▶ [Exercise aim]: For every line in the material, set down an identical one.

[[ Entries shown open ]]

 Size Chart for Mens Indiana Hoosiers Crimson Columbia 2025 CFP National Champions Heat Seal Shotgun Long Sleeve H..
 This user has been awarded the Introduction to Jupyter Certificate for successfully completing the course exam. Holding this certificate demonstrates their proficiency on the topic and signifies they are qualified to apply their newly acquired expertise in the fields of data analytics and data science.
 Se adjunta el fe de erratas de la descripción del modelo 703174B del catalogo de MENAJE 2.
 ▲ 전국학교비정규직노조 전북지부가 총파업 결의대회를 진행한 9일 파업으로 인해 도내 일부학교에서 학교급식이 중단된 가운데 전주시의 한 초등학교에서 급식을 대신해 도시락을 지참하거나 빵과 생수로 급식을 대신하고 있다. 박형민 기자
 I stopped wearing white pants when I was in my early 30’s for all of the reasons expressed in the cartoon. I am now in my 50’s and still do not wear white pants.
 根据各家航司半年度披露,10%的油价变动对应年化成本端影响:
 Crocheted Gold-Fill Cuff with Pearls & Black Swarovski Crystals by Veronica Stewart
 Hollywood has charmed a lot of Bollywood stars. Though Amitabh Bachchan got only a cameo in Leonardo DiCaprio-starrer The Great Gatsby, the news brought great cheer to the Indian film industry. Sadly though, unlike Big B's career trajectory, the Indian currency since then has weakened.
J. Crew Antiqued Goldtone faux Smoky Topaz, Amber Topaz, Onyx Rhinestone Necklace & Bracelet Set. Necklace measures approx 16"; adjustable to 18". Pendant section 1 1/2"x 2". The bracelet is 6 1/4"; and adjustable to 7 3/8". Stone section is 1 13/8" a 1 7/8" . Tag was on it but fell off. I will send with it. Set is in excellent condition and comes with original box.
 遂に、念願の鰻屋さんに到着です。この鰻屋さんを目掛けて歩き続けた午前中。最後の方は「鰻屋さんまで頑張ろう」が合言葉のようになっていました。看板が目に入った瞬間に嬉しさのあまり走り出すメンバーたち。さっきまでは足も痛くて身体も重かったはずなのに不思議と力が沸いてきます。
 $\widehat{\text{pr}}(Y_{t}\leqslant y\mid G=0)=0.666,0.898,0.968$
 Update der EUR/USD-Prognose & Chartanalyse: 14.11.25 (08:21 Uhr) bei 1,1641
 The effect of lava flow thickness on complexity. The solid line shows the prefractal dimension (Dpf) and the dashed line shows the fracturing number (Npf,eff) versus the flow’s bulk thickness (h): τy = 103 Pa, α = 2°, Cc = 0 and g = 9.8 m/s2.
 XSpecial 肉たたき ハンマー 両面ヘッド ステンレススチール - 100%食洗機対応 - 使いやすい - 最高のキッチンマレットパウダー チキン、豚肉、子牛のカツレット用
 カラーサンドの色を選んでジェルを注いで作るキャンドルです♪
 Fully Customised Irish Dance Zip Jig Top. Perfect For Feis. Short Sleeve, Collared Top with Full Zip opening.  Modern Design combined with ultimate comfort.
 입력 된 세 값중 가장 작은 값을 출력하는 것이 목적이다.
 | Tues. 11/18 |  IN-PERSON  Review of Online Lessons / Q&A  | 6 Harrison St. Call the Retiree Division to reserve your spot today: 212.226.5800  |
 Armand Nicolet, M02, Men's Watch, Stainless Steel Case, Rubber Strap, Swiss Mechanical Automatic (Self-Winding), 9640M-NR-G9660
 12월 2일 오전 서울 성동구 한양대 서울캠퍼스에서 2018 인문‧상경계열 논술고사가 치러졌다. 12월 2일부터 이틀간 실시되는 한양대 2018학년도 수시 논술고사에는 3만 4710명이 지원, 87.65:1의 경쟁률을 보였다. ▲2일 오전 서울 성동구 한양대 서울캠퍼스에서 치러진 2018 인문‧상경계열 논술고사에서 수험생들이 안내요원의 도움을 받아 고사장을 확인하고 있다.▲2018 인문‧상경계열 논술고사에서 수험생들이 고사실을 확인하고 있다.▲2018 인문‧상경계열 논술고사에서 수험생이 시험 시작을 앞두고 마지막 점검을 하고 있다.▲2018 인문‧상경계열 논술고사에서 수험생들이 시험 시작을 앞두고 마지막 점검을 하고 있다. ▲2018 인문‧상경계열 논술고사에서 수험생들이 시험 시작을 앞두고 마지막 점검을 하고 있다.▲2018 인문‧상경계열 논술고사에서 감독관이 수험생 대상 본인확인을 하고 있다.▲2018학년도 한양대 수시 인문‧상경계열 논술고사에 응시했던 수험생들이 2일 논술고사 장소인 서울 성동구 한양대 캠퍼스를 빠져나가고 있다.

[[ Entries shown closed ]]

▶ [Output for this exercise]:
 Size Chart for Mens Indiana Hoosiers Crimson Columbia 2025 CFP National Champions Heat Seal Shotgun Long Sleeve H..
 This user has been awarded the Introduction to Jupyter Certificate for successfully completing the course exam. Holding this certificate demonstrates their proficiency on the topic and signifies they are qualified to apply their newly acquired expertise in the fields of data analytics and data science.
 Se adjunta el fe de erratas de la descripción del modelo 703174B del catalogo de MENAJE 2.
 ▲ 전국학교비정규직노조 전북지부가 총파업 결의대회를 진행한 9일 파업으로 인해 도내 일부학교에서 학교급식이 중단된 가운데 전주시의 한 초등학교에서 급식을 대신해 도시락을 지참하거나 빵과 생수로 급식을 대신하고 있다. 박형민 기자
 I stopped wearing white pants when I was in my early 30’s for all of the reasons expressed in the cartoon. I am now in my 50’s and still do not wear white pants.
 根据各家航司半年度披露,10%的油价变动对应年化成本端影响:
 Crocheted Gold-Fill Cuff with Pearls & Black Swarovski Crystals by Veronica Stewart
 Hollywood has charmed a lot of Bollywood stars. Though Amitabh Bachchan got only a cameo in Leonardo DiCaprio-starrer The Great Gatsby, the news brought great cheer to the Indian film industry. Sadly though, unlike Big B's career trajectory, the Indian currency since then has weakened.
J. Crew Antiqued Goldtone faux Smoky Topaz, Amber Topaz, Onyx Rhinestone Necklace & Bracelet Set. Necklace measures approx 16"; adjustable to 18". Pendant section 1 1/2"x 2". The bracelet is 6 1/4"; and adjustable to 7 3/8". Stone section is 1 13/8" a 1 7/8" . Tag was on it but fell off. I will send with it. Set is in excellent condition and comes with original box.
 遂に、念願の鰻屋さんに到着です。この鰻屋さんを目掛けて歩き続けた午前中。最後の方は「鰻屋さんまで頑張ろう」が合言葉のようになっていました。看板が目に入った瞬間に嬉しさのあまり走り出すメンバーたち。さっきまでは足も痛くて身体も重かったはずなのに不思議と力が沸いてきます。
 $\widehat{\text{pr}}(Y_{t}\leqslant y\mid G=0)=0.666,0.898,0.968$
 Update der EUR/USD-Prognose & Chartanalyse: 14.11.25 (08:21 Uhr) bei 1,1641
 The effect of lava flow thickness on complexity. The solid line shows the prefractal dimension (Dpf) and the dashed line shows the fracturing number (Npf,eff) versus the flow’s bulk thickness (h): τy = 103 Pa, α = 2°, Cc = 0 and g = 9.8 m/s2.
 XSpecial 肉たたき ハンマー 両面ヘッド ステンレススチール - 100%食洗機対応 - 使いやすい - 最高のキッチンマレットパウダー チキン、豚肉、子牛のカツレット用
 カラーサンドの色を選んでジェルを注いで作るキャンドルです♪
 Fully Customised Irish Dance Zip Jig Top. Perfect For Feis. Short Sleeve, Collared Top with Full Zip opening.  Modern Design combined with ultimate comfort.
 입력 된 세 값중 가장 작은 값을 출력하는 것이 목적이다.
 | Tues. 11/18 |  IN-PERSON  Review of Online Lessons / Q&A  | 6 Harrison St. Call the Retiree Division to reserve your spot today: 212.226.5800  |
 Armand Nicolet, M02, Men's Watch, Stainless Steel Case, Rubber Strap, Swiss Mechanical Automatic (Self-Winding), 9640M-NR-G9660
 12월 2일 오전 서울 성동구 한양대 서울캠퍼스에서 2018 인문‧상경계열 논술고사가 치러졌다. 12월 2일부터 이틀간 실시되는 한양대 2018학년도 수시 논술고사에는 3만 4710명이 지원, 87.65:1의 경쟁률을 보였다. ▲2일 오전 서울 성동구 한양대 서울캠퍼스에서 치러진 2018 인문‧상경계열 논술고사에서 수험생들이 안내요원의 도움을 받아 고사장을 확인하고 있다.▲2018 인문‧상경계열 논술고사에서 수험생들이 고사실을 확인하고 있다.▲2018 인문‧상경계열 논술고사에서 수험생이 시험 시작을 앞두고 마지막 점검을 하고 있다.▲2018 인문‧상경계열 논술고사에서 수험생들이 시험 시작을 앞두고 마지막 점검을 하고 있다. ▲2018 인문‧상경계열 논술고사에서 수험생들이 시험 시작을 앞두고 마지막 점검을 하고 있다.▲2018 인문‧상경계열 논술고사에서 감독관이 수험생 대상 본인확인을 하고 있다.▲2018학년도 한양대 수시 인문‧상경계열 논술고사에 응시했던 수험생들이 2일 논술고사 장소인 서울 성동구 한양대 캠퍼스를 빠져나가고 있다.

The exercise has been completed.